Melly had changed, that was clear. Now she supposedly made a pass at every halfway interesting man that she met. But she had shown no trace of interest in Mike.

And what did that say about him?

CHAPTER 10

To save travel time, the Trader craft that took them to their negotiation did not stop anywhere in the Unified Empire. It flew along the western coast of South America, with the snowcapped ranges of the Andes on the left, as far as Chimbote.

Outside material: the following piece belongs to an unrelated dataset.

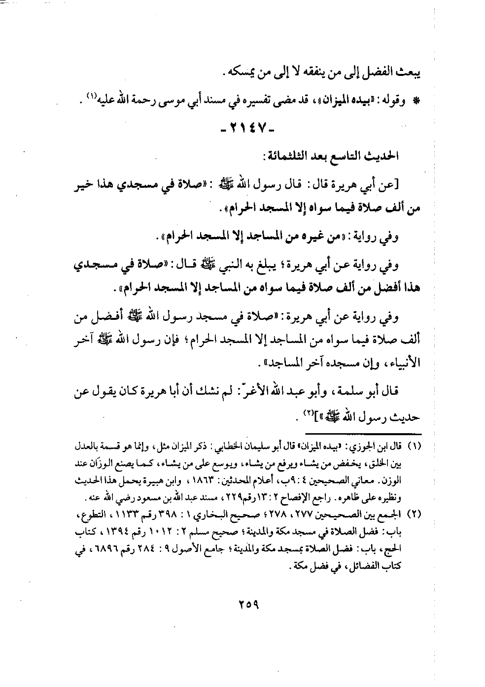 وفي رواية: (نحن الآخرون السابقون يوم القيامة، وقال: (يد الله ملأى لا يغيضها نفقة، سحاء الليل والنهار، وقال: أرأيتم ما أنفق منذ خلق السموات والأرض؟ فإنه لم يغض ما في يده، وكان عرشه على الماء، وبيده الميزان يخفض ويرفع).

Then the plane turned sharply inland. At the mountain city of Dreamtown, fifty miles from the sea, it hovered a couple of feet above the ground, just long enough for Mike and Melly to step down with their light hand luggage, then it turned west and accelerated away. It was out of sight in less than a minute.

Mike stood on the landing square and looked around him. The air was wonderfully clear, but the scene was too stark to be beautiful. Dreamtown stood on a level plateau in the middle of the
Cordillera Blanca
, sitting on a mile-wide ledge with mountains on all sides. The high peaks of the Andes were off to the east, rising another ten thousand feet. To the west, the land dropped away fast, swooping down to the distant gray-blue glimmer of the Pacific Ocean. Mike thought he could see in the distance a thin scar of dazzling white cutting its way down the steep mountain side.